コメディ・ライト小説(新)
- Re: 「死神」少女 【コメント募集中٩( ᐛ )( ᐖ )۶】 ( No.14 )
- 日時: 2017/12/23 10:40
- 名前: てるてる522 ◆9dE6w2yW3o (ID: VNP3BWQA)
- 参照: http://From iPad@
*・.。*──第2章 「朝香巴という生徒」
結城side
結城駿。 25歳。
今年度からこの高校で国語を教えることになった新人教師。
──きっと、これが生徒達に抱かれる第一印象だろう。
学校の仕事は、ほとんど何一つやったことがない俺は中間である高2の担任に抜擢された。

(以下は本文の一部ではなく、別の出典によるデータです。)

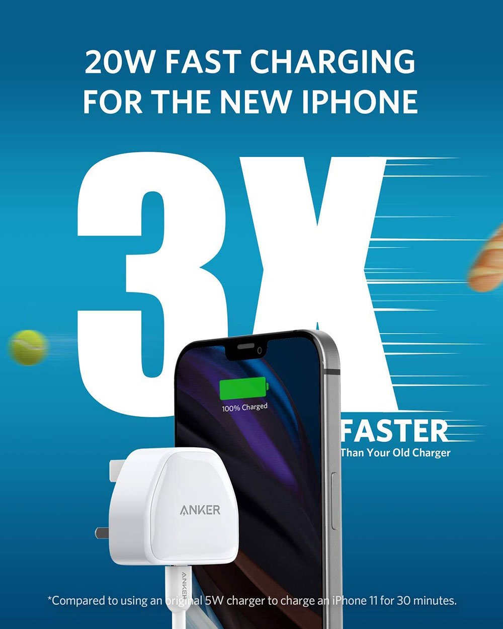 - Fast Charging: Charge iPhone 11 to 53% in just 30 minutes—that’s up to 3× faster than with an original 5W charger.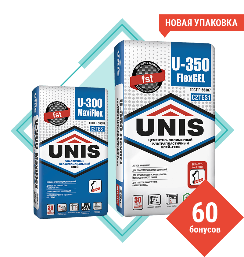 | U-300 MaxiFlex клей плиточный, 25 кг | U-350 PolimerGEL ультрапластичный цементно-полимерный клей, 25 кг | 60 |

「はいこれ。今日からこの高校に転入してくる、あ……何だったっけな」
「朝香さん、ですよね」
「そうそう! ……きっと不安だろうから、色々と教えてあげてくれ」
「は、はい」
……不安なのは俺も同じだっつーの。
*
「失礼します」
職員室に入ってきた一人の女子生徒。
はっきり言うと、少しだけ後ずさりたくなるようなオーラをまとっている子だった。
「朝香です」
「え!? ……あ! えーっと、朝香さんの担任の結城です。 僕もまだここに来て間もないからあまり役に立てないかもしれないけど、困ったことがあったら相談に乗るよ」
「はい。 ありがとうございます」
……絶対に変に思われてるよな、この反応は。
「頼りないわ」とか思われてそう。
「先生は何の教科を教えているんですか?」
「国語です。……朝香さんは国語好きですか?」
すると、少しだけ考えている表情を浮かべてあまり間をあけずに「はい」と頷いた。
僕が国語の先生だから、とかそういうのではなくてただただ国語が好きだから頷いた。──何となくだけどそんな気持ちが彼女からは感じて取れた。
「先生の授業、楽しみにしてます」
それだけ言うと、朝香はお辞儀をしてから職員室を出ていった。
風のようにふわりと舞い降りた彼女は、少し何かを抱えているようなそんな雰囲気を持った生徒だった。
僕が想像している以上に高校生は複雑で難しい。
明後日からの新学期。
──どんなことが待ち受けているんだろうか。
- Re: 「死神」少女 【コメント募集中٩( ᐛ )( ᐖ )۶】 ( No.15 )
- 日時: 2017/12/28 23:50
- 名前: てるてる522 ◆9dE6w2yW3o (ID: VNP3BWQA)
- 参照: http://From iPad@
結城side
「今日からこの2-Aの担任になりました。 結城駿です。 授業は国語を持つことになります。 慣れてないことばかりで、もしかしたら僕がみんなから何かを教えてもらうことになったりするかもしれないけど、よろしく!」
……あーあ、なんか指さされてる。
教卓に立って、クラスの生徒に自己紹介をした。
「先生は、彼女とかいますかー?」
「え!? ……いません!」
男子たちの笑い声、照れ隠しで頭を掻いた。
「それから、転入生を紹介します」
「男ー? 女ー?」
さっき質問をした男子生徒がまた質問をしてきた。
「それは見てから! じゃあ入って」
スっとドアを開けて、朝香が教室に入る。
全く吹いていないけれど、風が吹いたような気がした。
「なんかベタだけど、黒板に名前書いてもらおうかな」
そう言って、ぱっと見1番長いチョークを手渡す。
軽く頷いて、朝香はササっと名前を書いた。
「朝香巴です。 もともと1年生からここに通う予定でしたが家の都合で今年からという形になりました。 これからよろしくお願いします」
パチパチとまばらな拍手。
一昨日と変わらず、オーラが怖い。
「ありがとう。 席は、じゃあ……」
真ん中の列の1番後ろで隣の生徒の名前は……──と教卓に置いてある座席表を確認した。
「望月。 とりあえず、朝香に色々と教えてやってくれ」
「……はい」
望月冬真。
バスケ部を退部し、あまり騒がない物静かな生徒……だと前担任から言われている。
けれど今の望月は……信じられないほど、取り乱している。
だって今も、俺が名前を呼んだらペンケースを思い切り床に落としたのだから。
何となく朝香の方を見ると、微かに目を見開いて望月を見ているような。 そんな気がした。
どんなことだろうと、この2人の間に何かあったことは間違いなさそうだ。
*
夜──。
「こんばんは先生」
後ろから声をかけられた。
こんな遅くに誰だと思いながら、振り返ると朝香がいた。
ひっ、と叫びそうになるのをこらえて何とか平然を保つ。
──なぜ彼女がこんなボロいアパートの近くに1人でいるのだろうか。